The Royal College of Psychiatrists issued the following news release
from their annual meeting in London, July 1-4 2008:

Meditation Good For Psychiatrists’ Mental Health

Meditation sessions are proving a hit for members of the Royal College
of Psychiatrists at their Annual Meeting at Imperial College, London -
with a growing number claiming they are turning to the spiritual
discipline to combat anxiety and burnout.

Meditation workshops, run by the College’s 2,000-strong Spirituality
Special Interest Group, are overbooked. “It seems to be an indication of
the need for spiritual nourishment, something that College members are
not finding easily in the outside world,” says Dr Sarah Eagger, chair of
the Spirituality Group.

Dr Eagger, consultant psychiatrist at St Charles Hospital, London, said
her daily meditation practice was as important in her everyday work as
her medical training. “A strong spiritual practice really comes into its
own when you are faced with a very distressed patient, while also coping
with the pressures of working in teams under immense stress, and then
having to spend hours filling in forms that make you feel that you are
not trusted. I am stressed enough as it is. Without meditation practice
to keep a still space inside, I would be suffering burn-out.”

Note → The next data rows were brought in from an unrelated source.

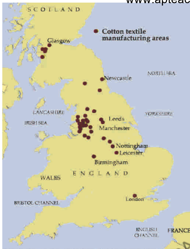
Map 2: The cotton industries in Britain.

between the speed in spinning raw cotton into yarn or thread, and of weaving the yarn into fabric. To make it even more efficient, production gradually shifted from the homes of spinners and weavers to factories.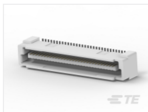
TE Part # CAT-313-PCB60 Free Height Plug Connector: Board-Board, Vertical, 60, 0.8mm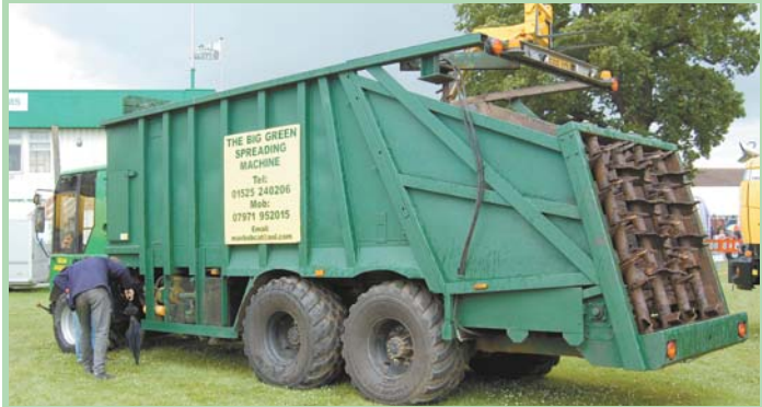
Four vertical spreader beaters mount on back of garbage truck. Truck's original hydraulic-operated ram pushes manure onto chain-driven slat floor in front of beaters.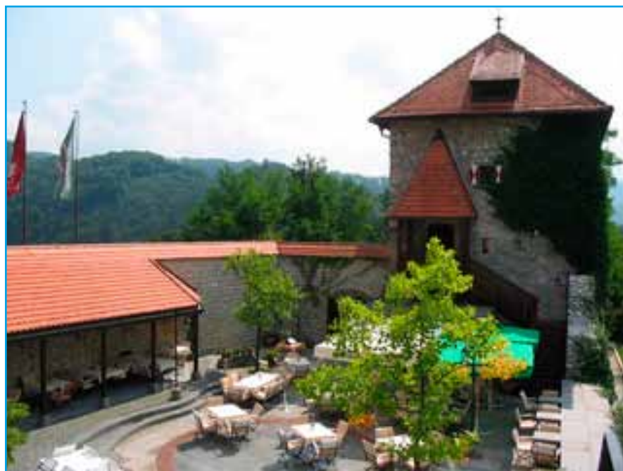
Tabor Castle dates to the 12th century.

The tradition of seeking health in the thermal waters in Laško and in the area of the

Dr Andrew Powell, the founding chair of the Spirituality Group, said:
“There is a level of concern within the profession about being trapped
in a culture of measurement and box-ticking. The result is that it’s
becoming ever more difficult to practice psychiatry, to contain the
anxiety and concerns of our patients, to maintain a common humanity and
avoid getting caught up in an ‘us and them’ mentality.”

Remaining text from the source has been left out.